Плясовских уронил голову, вздохнув.
– Чтобы он моментально понял, что наш судебный медик в пьяной лихорадке пролежал все то время, пока вы трупом занимались? Вы хоть понимаете, какой подымется скандал в уездном исполкоме? Вот схороним Кошелева и отпустим вас со всеми почестями.
Грених было собрался возразить, но Плясовских поспешил его опередить.
– Ну переждите денек, завтра уж похороны. Сами-то вы что имеете сказать насчет него? Подымется из гроба? Или как?
– Не знаю, Аркадий Аркадьевич. Не знаю я!
Городской храм и вправду был полон в день похорон. Народ стекался не только со всего города, полноводной людской рекой его несло с соседних сел и деревень.

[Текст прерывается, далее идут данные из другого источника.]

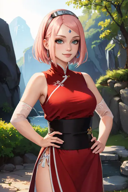 Shippuden: harunoshipp, hairband, forehead protector, sleeveless shirt, gloves, bike shorts
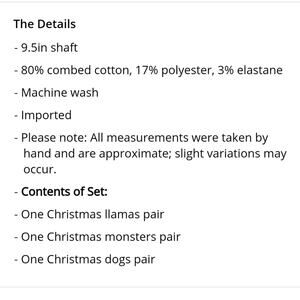 NWT Holiday Unisex Llamas, Weiner Dogs & Monsters Socks 3 pack Gift Box
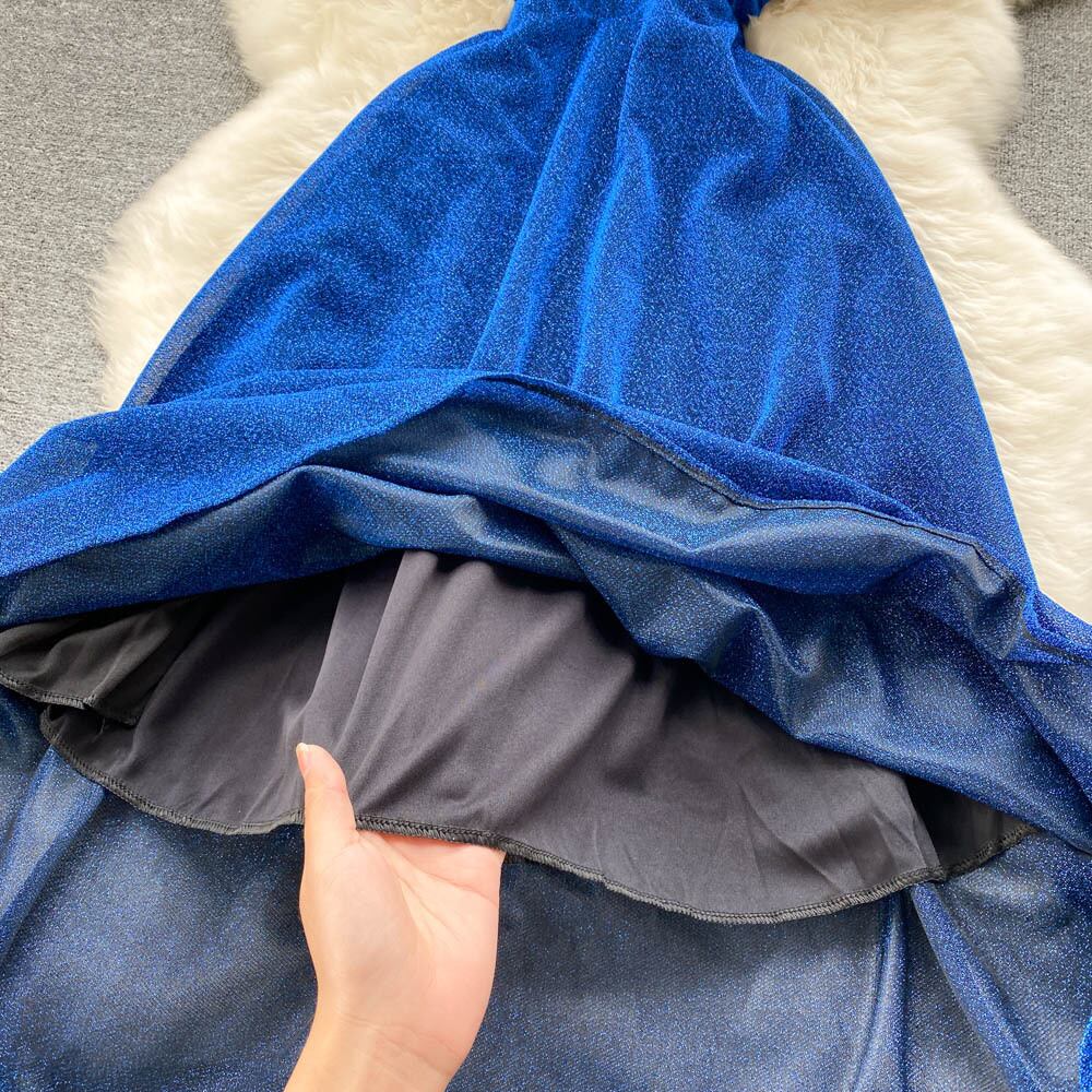 明るいシルクのイブニングドレススカート女性の夏の新しい気質軽い豪華な有名人の女神ファンハイウエストスリムデザインドレス ハイウェスト サマー 夏物 lyxaj27897623167
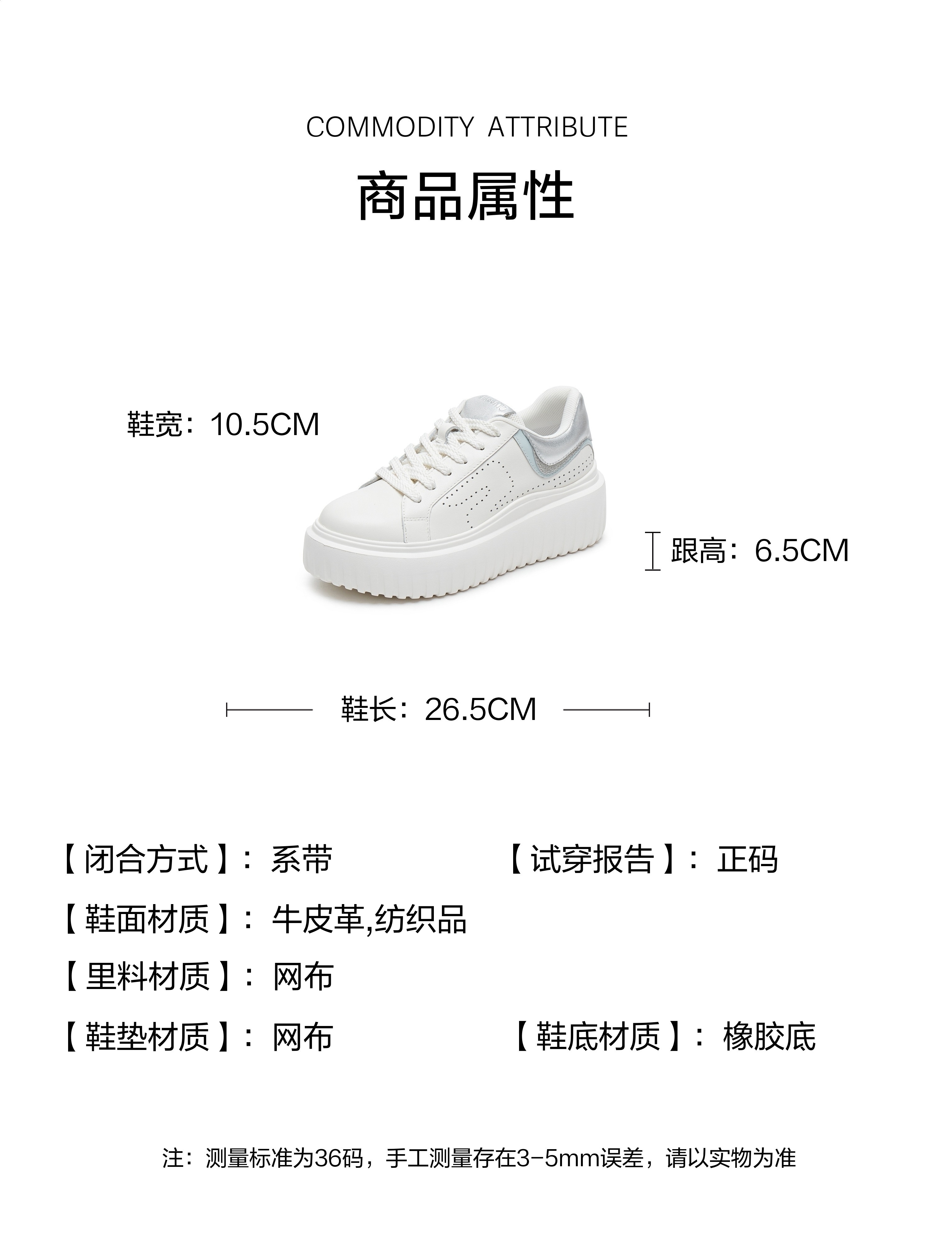 | 参考鞋长(女):26.5CM | 参考鞋宽(女):10.5CM | 风格:时尚潮流 | 年份:2025年 | 色系:米白 |

Толпа стояла на всех трех улицах, сходящихся у паперти. Приходилось лавировать меж группками тепло разодетых граждан в шинелях без погон, бекешах, полушубках, а иногда и сворачивать в аллею и делать крюк. На мостовой то и дело раздавались какие-то вскрики, совершенно неуместные звуки баяна и затяжной песни, выкрики продавщиц сладостей, нет-нет двуколка пыталась протиснуться, возчик, щелкая кнутом, сопровождал каждый удар отборной руганью, ему отвечали возмущенной разноголосой отповедью.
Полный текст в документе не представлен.